The falsified documents gave Apollo the impression, the SEC said, that CalPERS had reviewed and signed disclosure letters about fees being paid to placement agents, when it had not.
Buenrostro and Villalobos “intentionally bypassed those procedures to induce Apollo to pay placement agent fees” totaling $20 million to Villalobos's firms, the regulator said Monday. The false letters bore a fake CalPERS logo and Buenrostro's signature. Apollo then went ahead with the payments.
Buenrostro strongly denies the allegations of fraudulent conduct contained in the SEC's complaint, lawyer William H. Kimball said.
Villalobos was not immediately available for comment.
"Buenrostro and Villalobos not only tricked Apollo into paying more than $20 million in placement agent fees it would not otherwise have paid, but also undermined procedures designed to ensure that investors like CalPERS have full disclosure of such fees," said John M. McCoy III, Associate Regional Director of the SEC's Los Angeles Regional Office, in a statement.
In April 2008, Buenrostro said he was leaving Calpers, which manages roughly $240 billion, to pursue private sector opportunities.
"I want to publicly state what I have told the board: I have reached a decision to retire from public service. Media speculation about reasons for my departure are unwarranted and incorrect," he was quoted by Reuters as saying, at the time.
In October 2009, CalPERS announced a special review to be led by the Washington law firm of Steptoe & Johnson LLP into “whether the interestsof the institution’s participants and beneficiaries had been harmed by the use of placemen agents or related activities.’’
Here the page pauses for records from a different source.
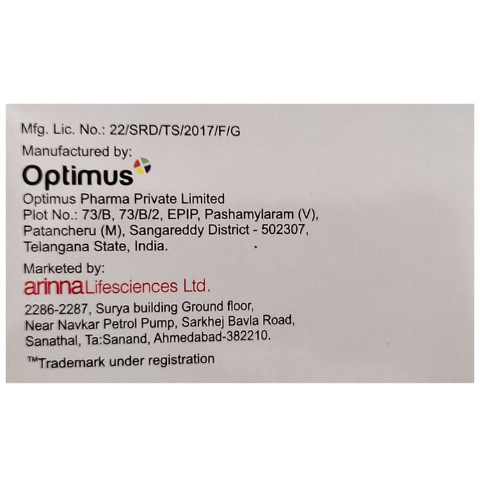 Manufacturer details:,                                   Marketer details:Arinna Lifescience Pvt Ltd | A – 504, Shapath-4, B/S Hotel Crowne Plaza, Opp. Karnavati Club, S. G. Highway ,Ahmedabad 380 051 Gujarat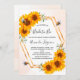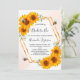 A stylish white and rose gold watercolored background. A faux gold geometric frame and bumble bees. With the text: Bride to Bee and the name of the bride on front written with a modern hand lettered style script. Black letters.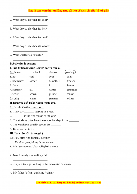 5. What do you do when it's warm? _________________________ 6. What weather do you like? _________________________ B Activities in seasons

The 17-month investigation, among other results, found that Buenrostro Jr. put pressure on one benefits firm to pay more than $4 million in fees to consultant Villalobos, who later hired Buenrostro.
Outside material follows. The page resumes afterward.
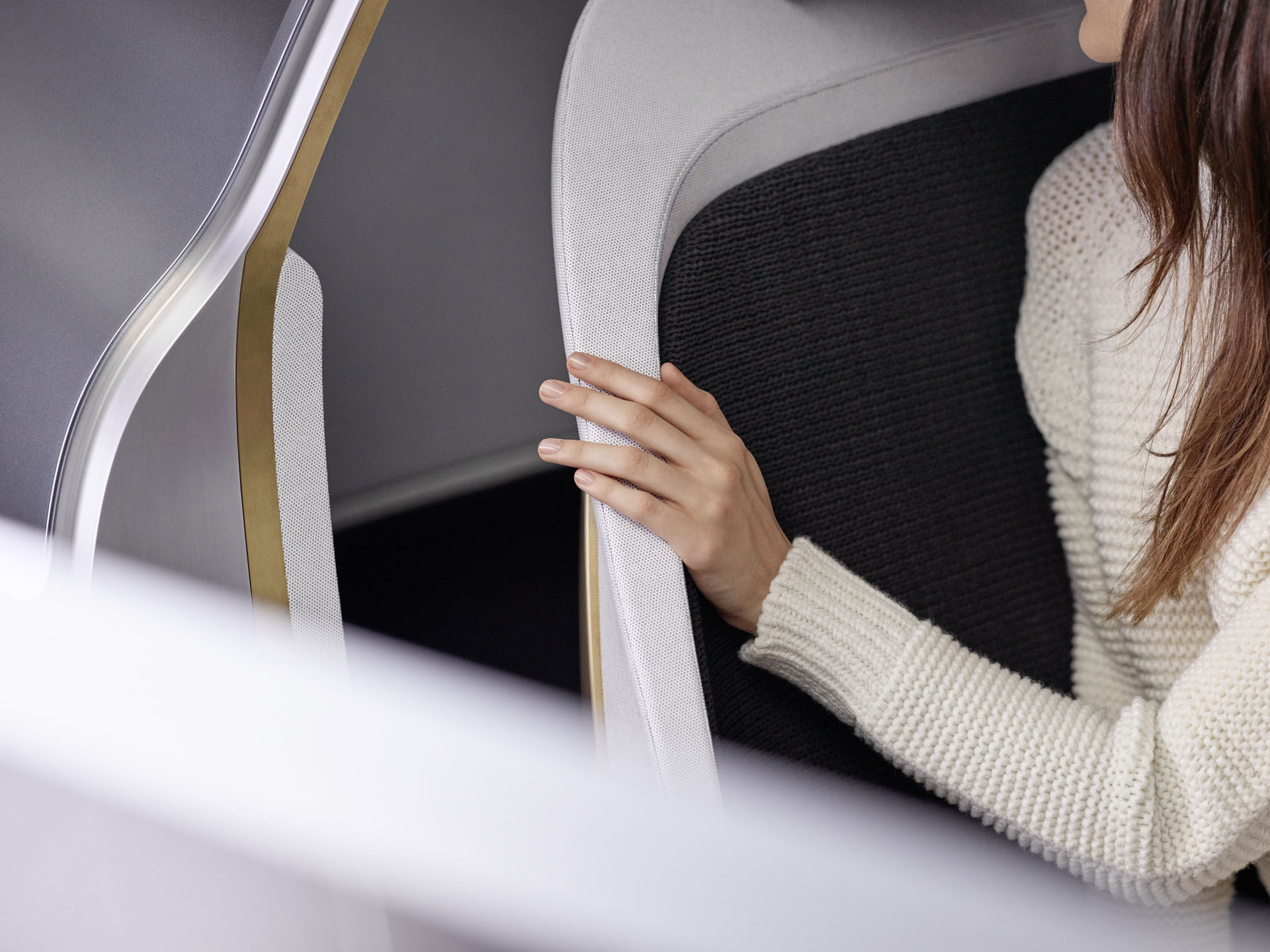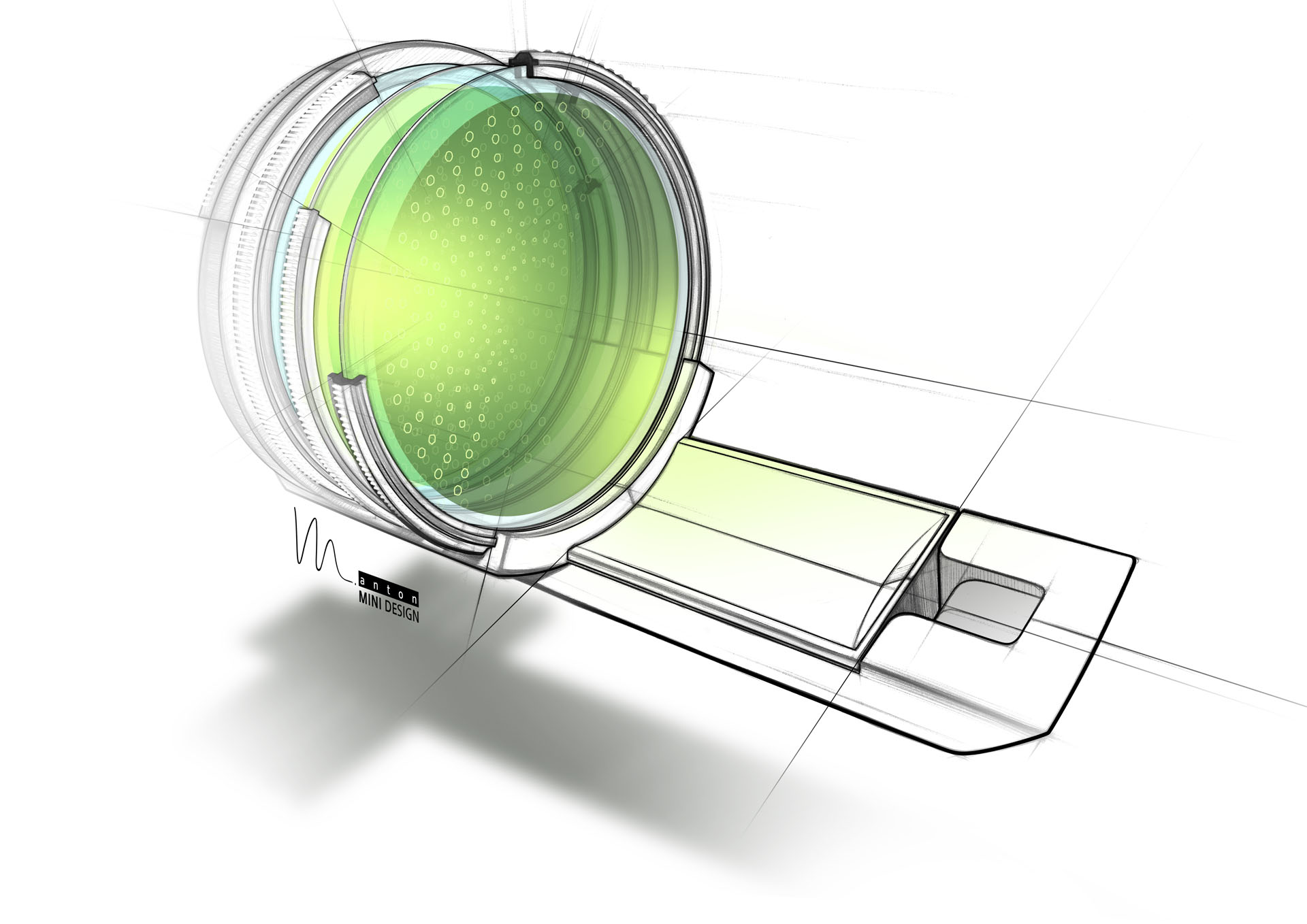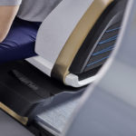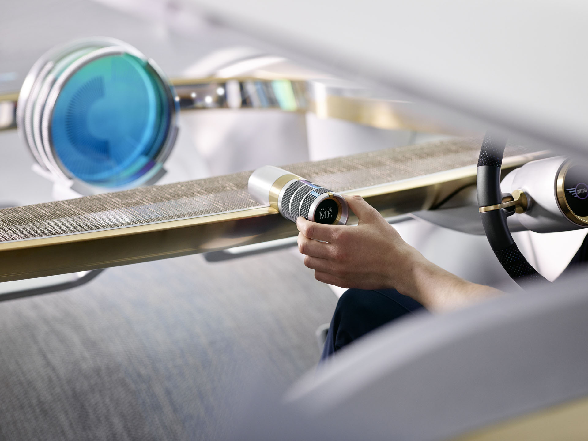 Making responsible use of resources is key in the selection of materials for the MINI VISION NEXT 100. These materials should retain their high level of perceived quality over many years, age stylishly and offer a special tactile experience. As digitisation increases, analogue qualities and experiences will become more important. With the more intensive use of a shared car, interiors will need to be much more hard wearing. In addition to the modern materials made from recycled plastic and aluminium in the floor area, roof lining and side panel trim, for example, the MINI interior designers used materials less commonly found in car cabins, such as brass, basalt and cellulose. The wraparound carrier and information strip, with its mount for the sliding steering wheel, and the Cooperizer with its thin brass structure are good examples here. The designers made the storage net behind the steering wheel from lightweight basalt, while the lower section of the seat is trimmed in a recycled cellulose material similar to paper. This novel use of materials included deliberately allowing a patina to develop through use and ensuring they retain along-lasting and sophisticated appearance. When it comes to the natural look and feel of surfaces, the designers have embraced the irregularities inherent in the chosen materials and processing methods. That also applies to the seat covers in knitted Alcantara – a robust, somewhat iridescent material. The designers have steered clear of traditional interior materials like wood and leather altogether. Another example of analogue design in the MINI Vision Vehicle can be found in the wheels, whose rotation generates an “Ombro Cinema” effect: This involves the outer surface of the wheel not moving and only a disc behind it turning with the tyre. The even movement of a shimmering graphic – again brass-coloured – can be observed through openings in the outside of the wheel. The idea is for each wheel to look like a piece of a mechanical jewellery.

According to the SEC's complaint, Apollo began requiring signed investor disclosure letters in 2007 from investors such as CalPERS before it would pay fees to a placement agent that assisted in raising funds.
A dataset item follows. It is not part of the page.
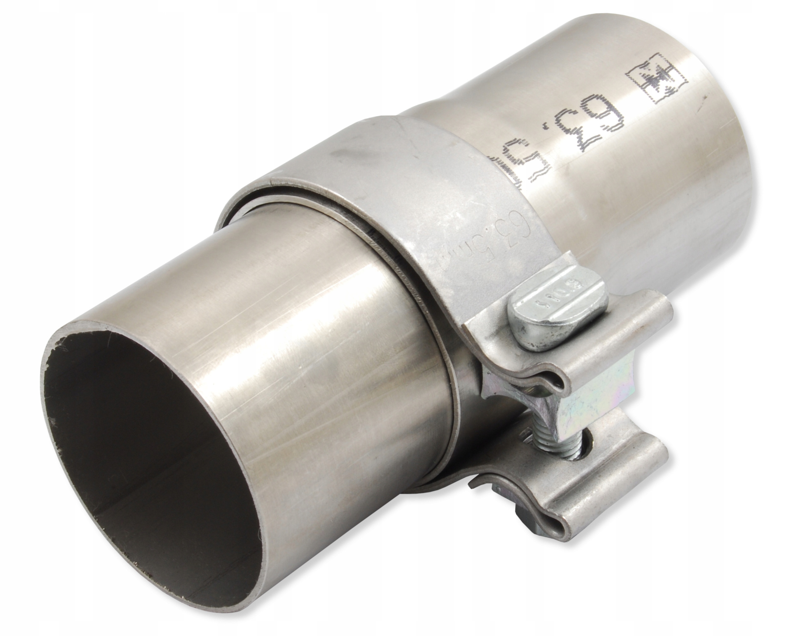 Хомутик предназначен для расширения, выполненного на конце трубы внешним диаметром 63,5 мм (2,5 дюйма). Такое расширение снаружи составляет примерно 68-69 мм и это внутренний диаметр хомута.

Villalobos's firm, ARVCO Capital Research, agreed to this contractual provision in a placement agent agreement with Apollo related to CalPERS's investment in Apollo Fund VII.
However, when ARVCO requested an investor disclosure letter from CalPERS's Investment Office to provide Apollo, CalPERS's Legal Office apparently had advised the fund not to sign a disclosure letter. ARVCO never again contacted CalPERS's Investment Office for an investor disclosure letter.
The SEC alleges that in January 2008, Villalobos instead fabricated a letter using a phony CalPERS logo. At Villalobos's request, Buenrostro then signed what appeared to be a CalPERS disclosure letter. Upon receipt of the fake disclosure letter for Apollo Fund VII, Apollo paid ARVCO about $3.5 million in placement agent fees.
The SEC's complaint further alleges that less than two weeks later, Villalobos and Buenrostro created false CalPERS disclosure letters for at least four more Apollo funds “under similarly suspicious circumstances,’’ the SEC said.
The SEC is trying to force Buenrostro, Villalobos, and ARVCO to disgorge gains, pay penalties, and be permanently enjoined from violating the antifraud provisions securities laws.